Header read: 16 bytes

This is especially useful when you need to parse fixed-size binary headers — for example, image file headers or custom protocol frames.

readUTF() — Modified UTF-8

readUTF() reads a string encoded in Java’s modified UTF-8 format. The encoding stores a 2-byte length prefix (number of bytes, not characters) followed by the encoded characters. This is not standard UTF-8 — it encodes null characters (\u0000) as two bytes instead of one, so the resulting byte sequence is never zero-padded.

// Writing
dos.writeUTF("café");   // writes 2-byte length + encoded bytes

// Reading back
String s = dis.readUTF(); // "café"

You should only use readUTF() to read strings written by writeUTF(). For general UTF-8 decoding from external sources, use InputStreamReader with StandardCharsets.UTF_8.

readUnsignedByte() and readUnsignedShort()

Java does not have unsigned primitive types, but binary protocols often use unsigned values. DataInputStream provides two helpers:

import java.io.DataInputStream;
import java.io.ByteArrayInputStream;
import java.io.IOException;

public class UnsignedDemo {
    public static void main(String[] args) throws IOException {
        byte[] data = {(byte) 200, (byte) 0xFF, (byte) 0x80};
        try (DataInputStream dis = new DataInputStream(
                new ByteArrayInputStream(data))) {

            int ub1 = dis.readUnsignedByte();  // 200  (not -56)
            int ub2 = dis.readUnsignedByte();  // 255  (not -1)
            int ub3 = dis.readUnsignedByte();  // 128  (not -128)

            System.out.println(ub1 + ", " + ub2 + ", " + ub3);
        }
    }
}

Output:

200, 255, 128

readUnsignedByte() returns an int in the range 0–255. readUnsignedShort() returns an int in the range 0–65535. These are pure convenience — they just mask the sign bits that Java’s signed types would otherwise extend.

Under the Hood

Big-Endian Byte Order

When DataInputStream.readInt() executes, it reads exactly 4 bytes from the underlying stream and reassembles them as:

value = (b0 << 24) | (b1 << 16) | (b2 << 8) | b3

This is network byte order (big-endian), consistent with java.net and many binary protocols. If you need little-endian reading (e.g., for Windows BMP or WAV files), use java.nio.ByteBuffer with ByteOrder.LITTLE_ENDIAN instead.

No Buffering of Its Own

DataInputStream performs no buffering. Every call to readInt() triggers four read() calls on the underlying stream. On an unbuffered FileInputStream, those become four separate system calls. That is why wrapping in a BufferedInputStream before passing to DataInputStream is almost always worthwhile:

FileInputStream  →  BufferedInputStream  →  DataInputStream
    (OS layer)         (memory buffer)        (typed API)

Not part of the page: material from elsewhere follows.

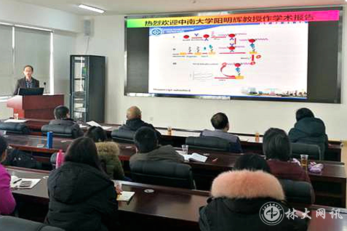 【林大网讯】(文/理学院)1月8日,中南大学化学化工学院教授阳明辉在电子信息楼学术报告厅做了题为“基于磷酸根信号放大的电化学传感器研究”的学术讲座。理学院院领导、化学教研室老师、化学工程与技术学科研究生参加了报告会。报告会由理学院副院长王文磊主持。
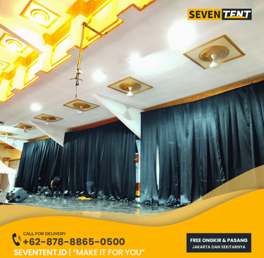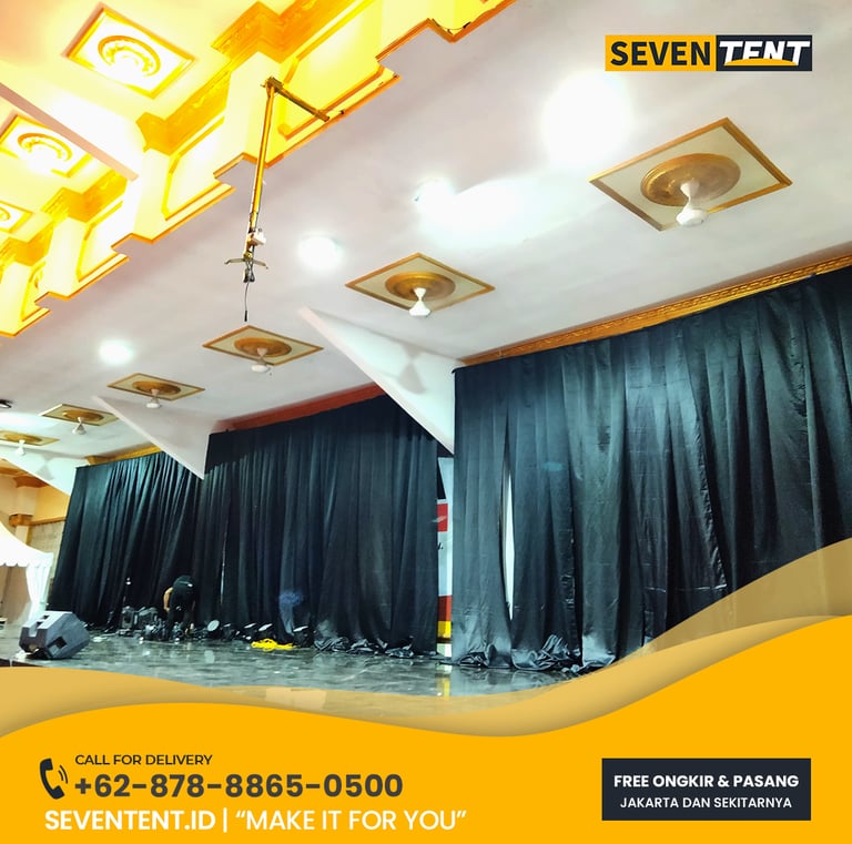 Sewa tirai dekorasi Depok di Seventent.id menyediakan layanan penutup dinding dan backdrop menggunakan kain jenis Lototto (Blackout), Habutai, atau Velvet yang dipasang menggunakan rangka rigging atau tiang stand teleskopik. Memiliki karakteristik kain yang jatuh sempurna (draping), bersih, dan tidak kusam. Kami melayani wilayah Margonda, Beji, Sawangan, hingga Cinere.

FilterInputStream Inheritance

DataInputStream extends FilterInputStream, which stores the wrapped stream in a protected field called in. All read() calls delegate to in.read(...). This is the classic Decorator pattern from the Gang of Four — each wrapper layer adds behaviour without changing the interface.

Thread Safety

DataInputStream is not thread-safe. If multiple threads share one instance, interleaved reads will corrupt the data. Each thread should use its own stream instance, or access must be externally synchronized.

Handling EOFException

When reading a stream of unknown length, the idiomatic Java pattern is to catch EOFException:

import java.io.DataInputStream;
import java.io.EOFException;
import java.io.FileInputStream;
import java.io.IOException;

public class EOFHandling {
    public static void main(String[] args) {
        try (DataInputStream dis = new DataInputStream(
                new FileInputStream("numbers.dat"))) {

            while (true) {
                int value = dis.readInt(); // throws EOFException at end
                System.out.println(value);
            }
        } catch (EOFException e) {
            System.out.println("Finished reading.");
        } catch (IOException e) {
            e.printStackTrace();
        }
    }
}

EOFException is a subclass of IOException, so you can also let the outer catch handle it — but catching it separately makes the intent clear.